▶ [About this task]: Word for word, please copy the line containing "入退室管理システム「MELS" and all lines after it in the entries below, and only those, leaving every picture out.

Data excerpts:
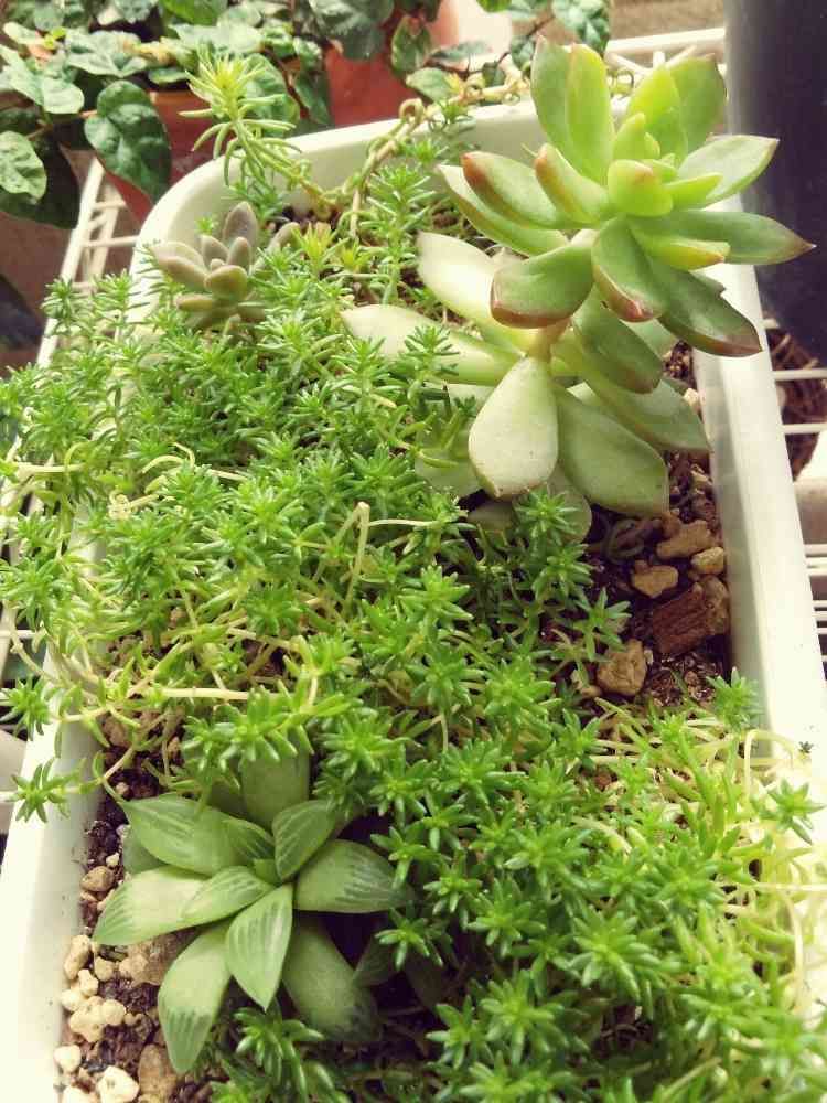 一番手前のハオルチアは花鏡、セダムは森村万年草、左奥のは秋麗でしょうか?
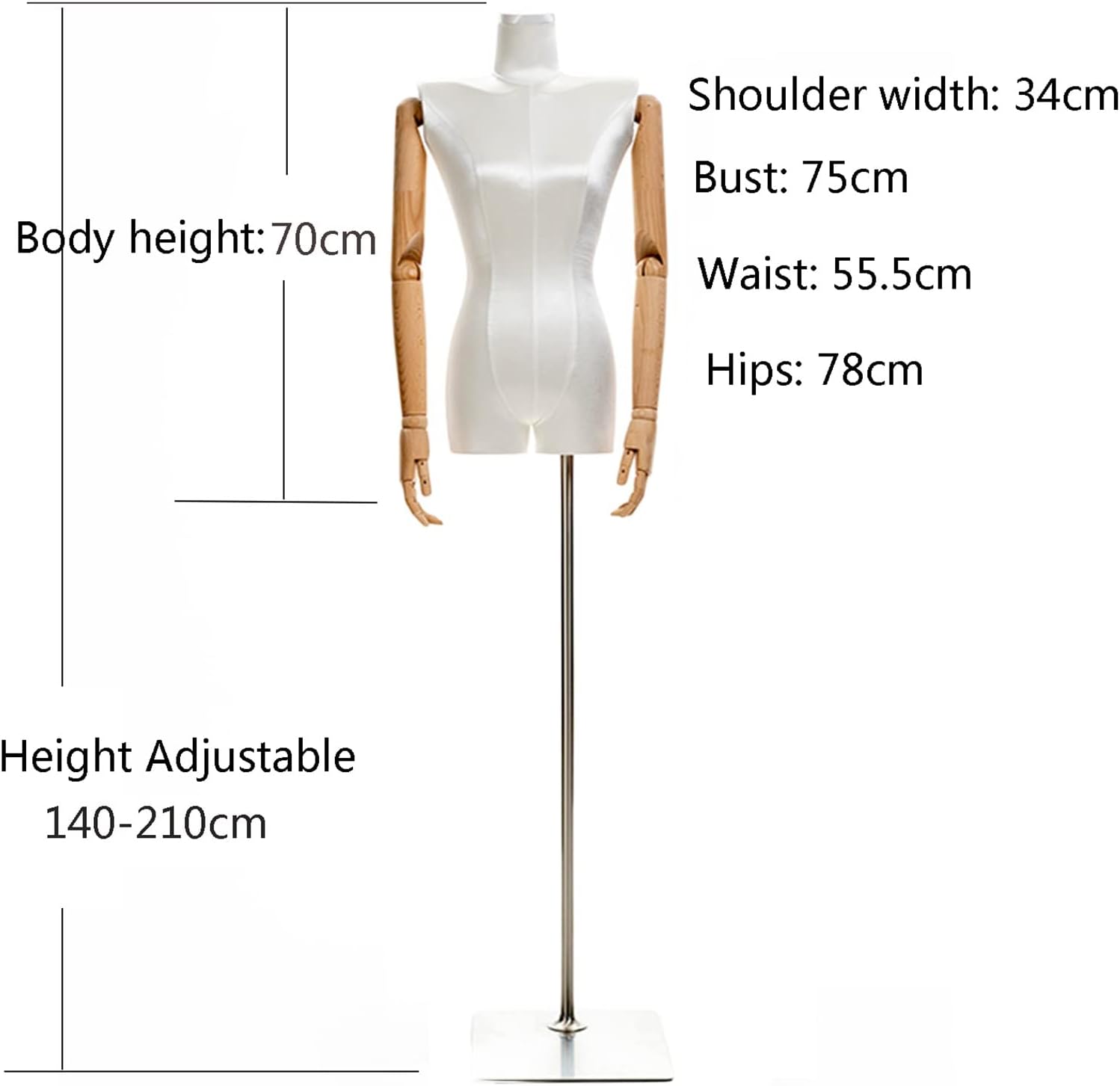 FEATURE 1.ns is very suitable for tailoring, fashion design, shop decoration, home furnishing and handicrafts, and the display in the shop window is more attractive 2.Detachable design, strong flexibility and wide application range 3.Personalized combination to create your ideal storePRODUCT PARAMETER Name: Female mannequin torso Material: Satin fabric Wrapping + PE body material + metal base Arm material: solid wood 2 Styles Available: A: square base, B: Triangle base Detachable: yes Purpose: Clothing display, Photo shoot, Sewing design Size: 1cm = 0.39inch Full Body Adjust height: A-140-210cm, B-150-220cm Shoulder: 34cm Bust: 75cm Waist: 55.5cm Hip: 78cm Body Height: 70cmPRODUCT PACKAGING 1×female mannequin torso 1× metal base 2× solid wood arm SERVICE: 1. Due to manual measurement, please allow 1-2cm errors 2. We also have a variety of styles for you to choose
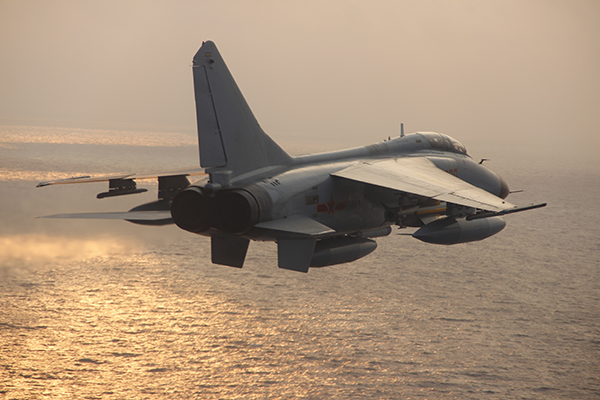 资料图:飞豹战机海上低空飞行。陈辉 摄
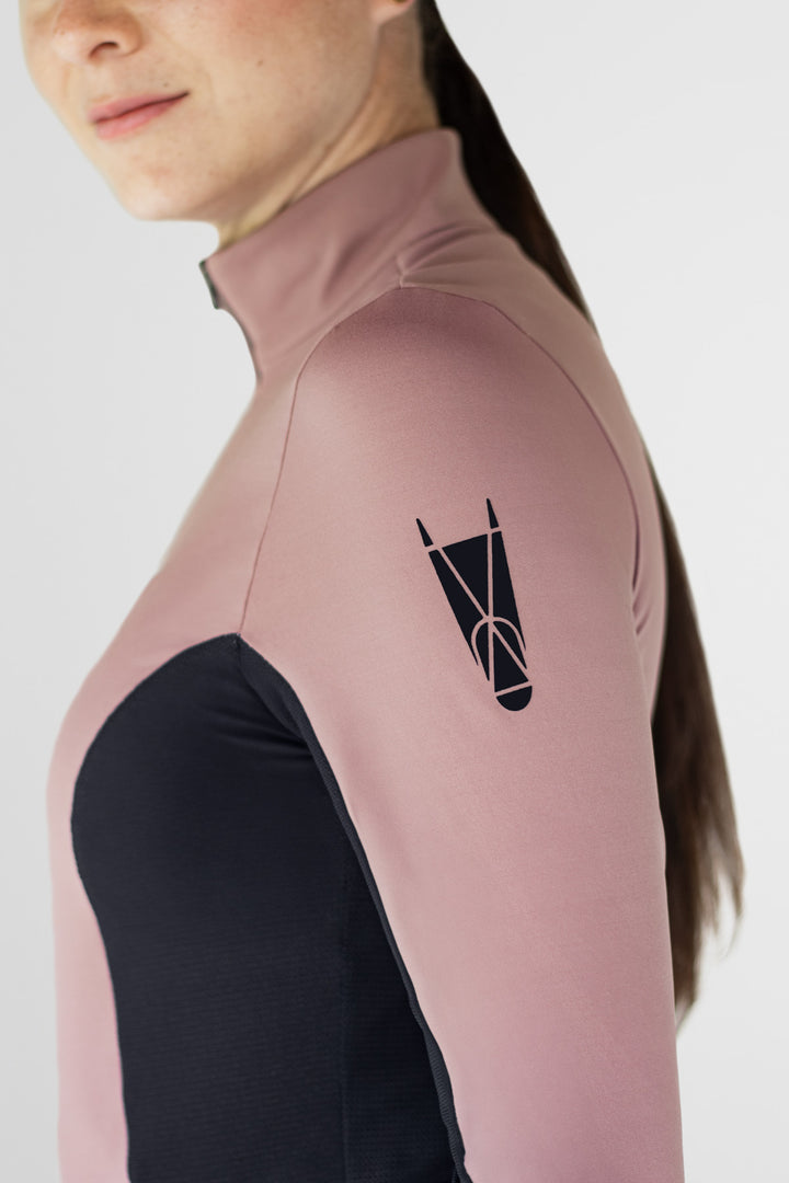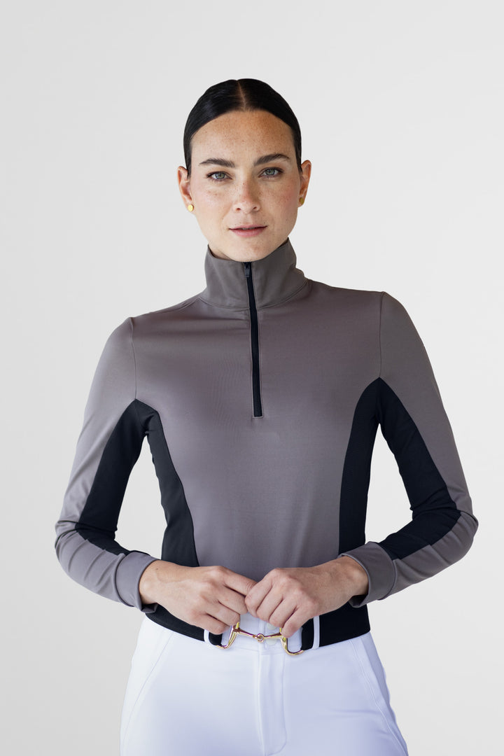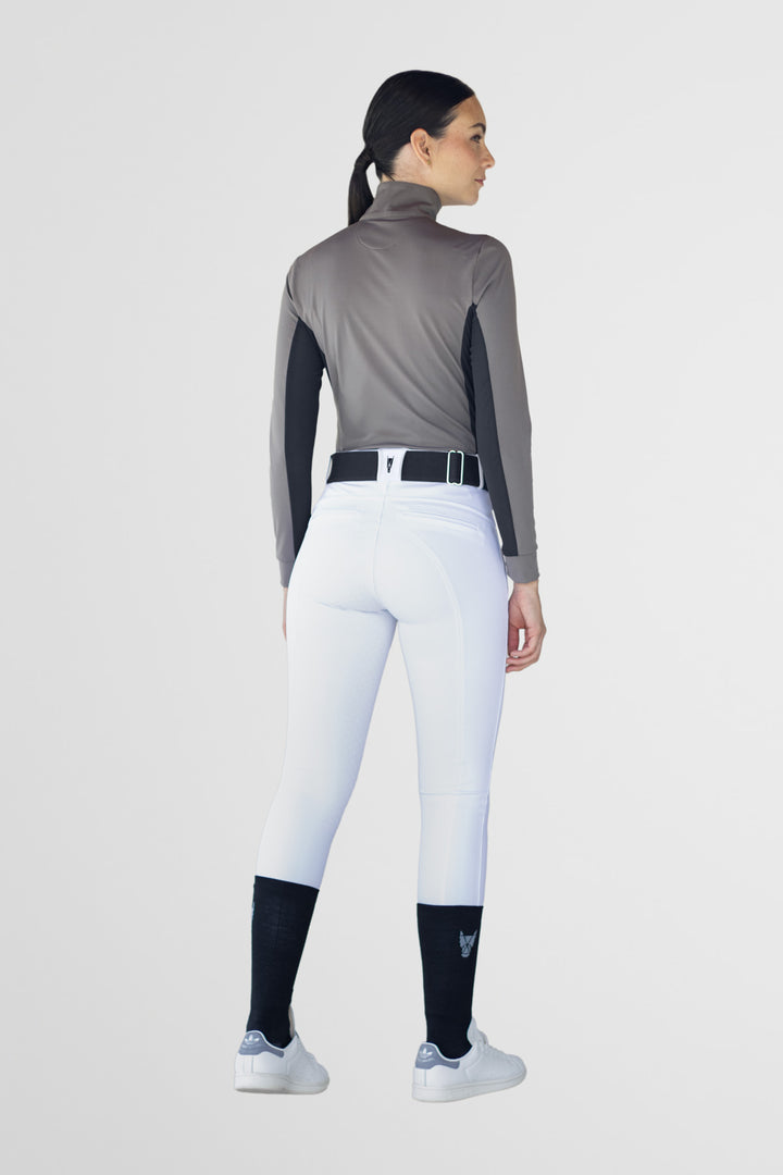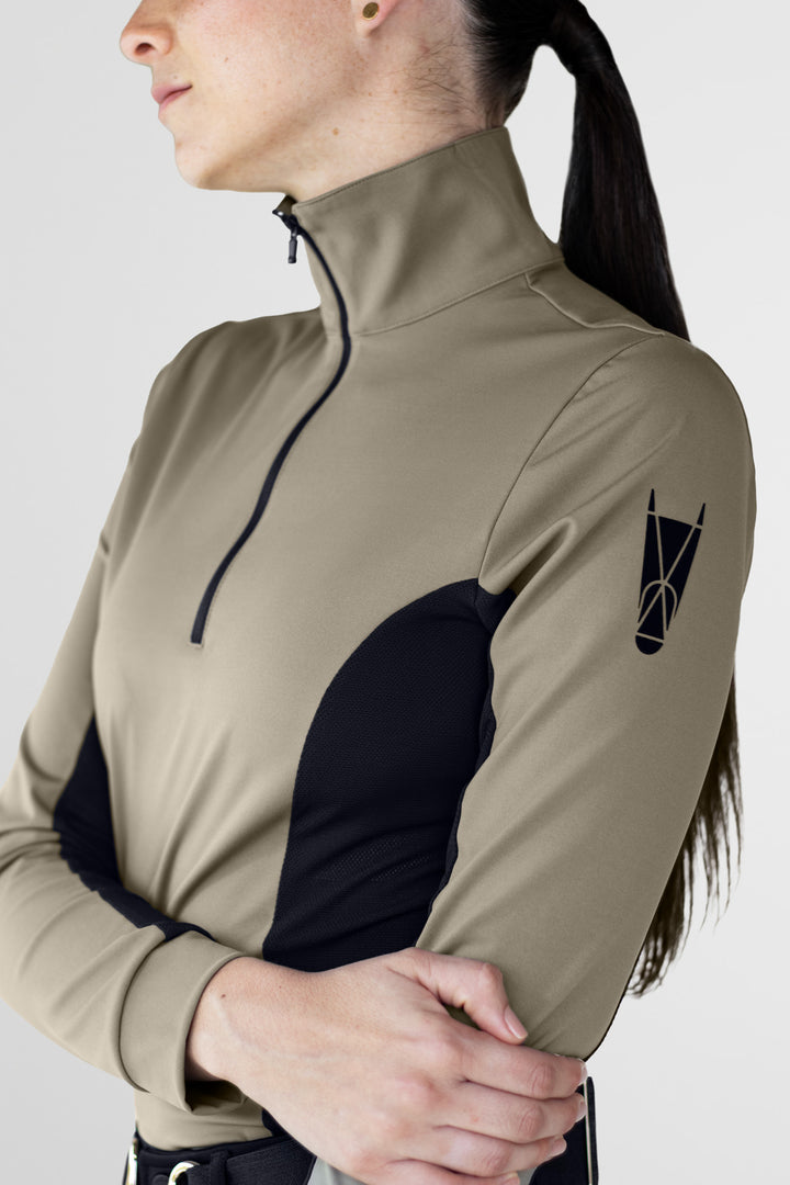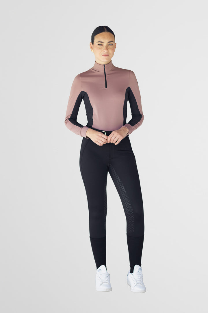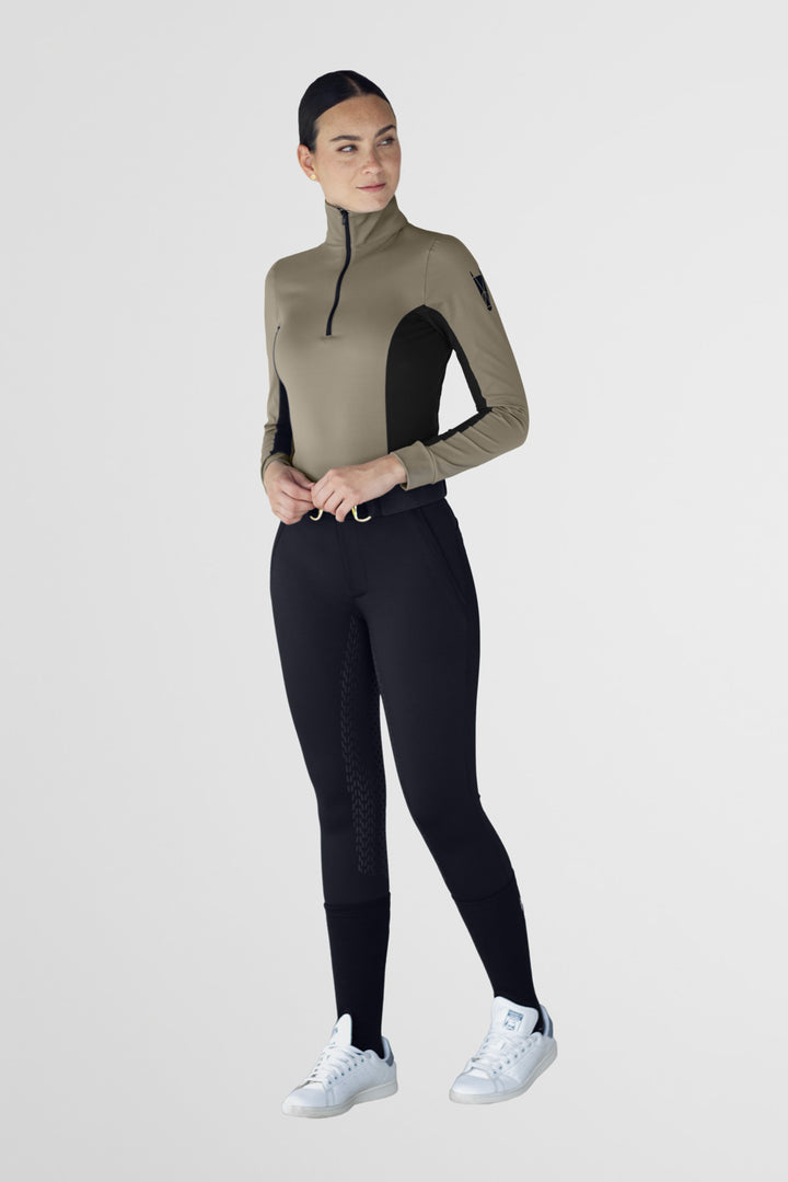 Camiseta manga larga de cuello alto, elaborada en tela con alta tecnología que proporciona flexibilidad, comodidad y protección al jinete durante los entrenamientos.
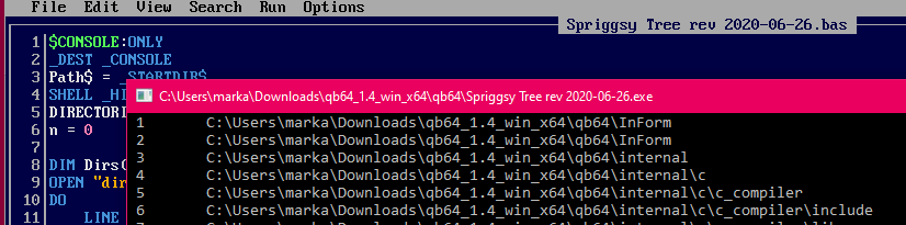 16.     IF LEFT$(Dirs(i), _INSTRREV(Dirs(i), "\") - 1) <> LEFT$(Dirs(i - 1), _INSTRREV(Dirs(i - 1), "\") - 1) THEN
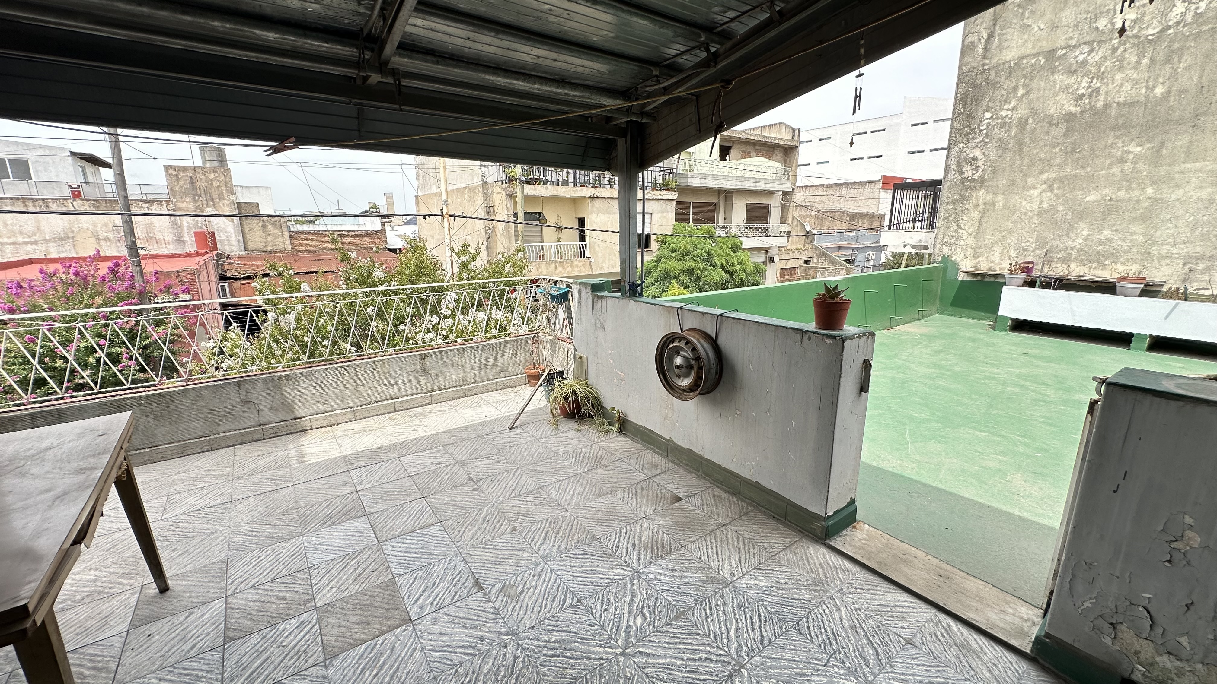Departamento primer piso por escaleras, que consta de un hall de entrada, un baño, dos habitaciones, una cocina-comedor, un balcón, un patio c/ parrilla y una terraza accesible c/ cuarto guarda útiles.
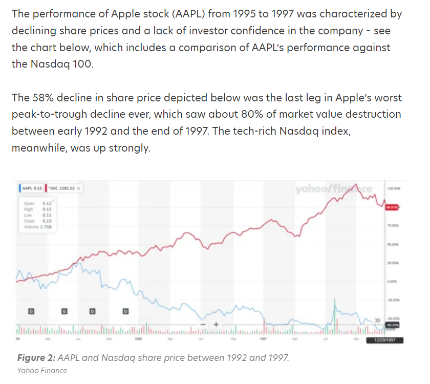 - Финансовые трудности Apple: К середине 1990-х годов компания Apple испытывала серьезные финансовые трудности, и ее будущее выглядело неопределенным. В 1997 году акции Apple торговались на исторических минимумах, и компания несла убытки. Хотя цитата «90 дней до банкротства» часто повторяется, это было скорее драматическое выражение тяжелого положения компании, чем точная финансовая хронология.
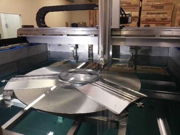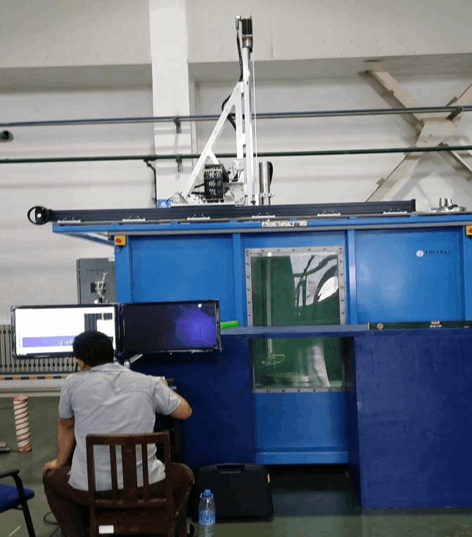 自动提升盘环件超声C扫描检测系统是一套专门针对盘环件、涡轴发动机、涡轮外环组件、动力涡轮外环组件、进气导向片组件等零组件裂纹的自动扫查系统。系统可实现X、Y、Z、T、A、B六轴联动自动扫查、实时显示扫查过程中的图像,并获取超声和扫描数据。其中转台可自动升降,方便工件装卸。
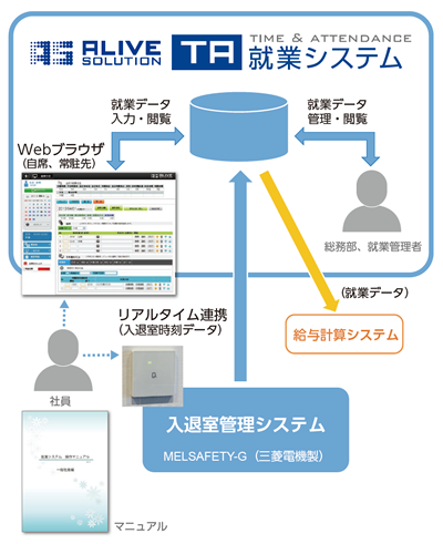 入退室管理システム「MELSAFETY-G」と連携し、社員の就業情報をリアルタイムかつ一元的に管理
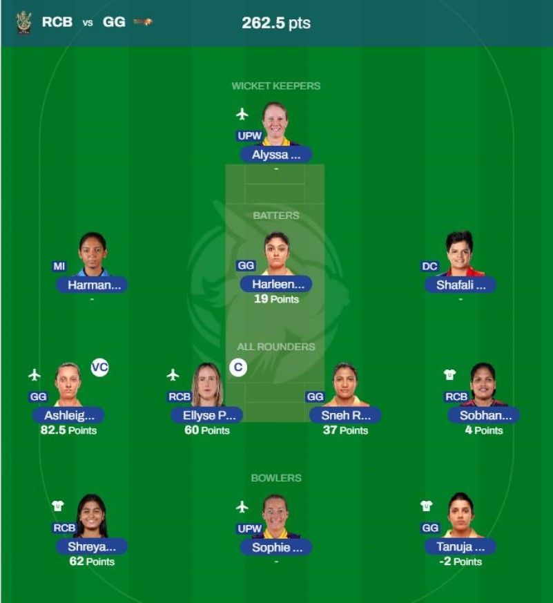Players playing in Match 16: Harleen Deol (BAT) (GG) (8 Credits), Ashleigh Gardner (GG) (ALL) (10.5 Credits), Sneh Rana (ALL) (GG) (8.5 Credits), Shreyanka Patil (BOWL) (RCB) (5.5 Credits), Ellyse Perry (ALL) (RCB) (10 Credits), Asha Shobana (ALL) (RCB) (5.5 Credits), and Tanuja Kanwar (BOWL) (GG) (6 Credits).

▶ [Solution to the exercise]:
 入退室管理システム「MELSAFETY-G」と連携し、社員の就業情報をリアルタイムかつ一元的に管理
Players playing in Match 16: Harleen Deol (BAT) (GG) (8 Credits), Ashleigh Gardner (GG) (ALL) (10.5 Credits), Sneh Rana (ALL) (GG) (8.5 Credits), Shreyanka Patil (BOWL) (RCB) (5.5 Credits), Ellyse Perry (ALL) (RCB) (10 Credits), Asha Shobana (ALL) (RCB) (5.5 Credits), and Tanuja Kanwar (BOWL) (GG) (6 Credits).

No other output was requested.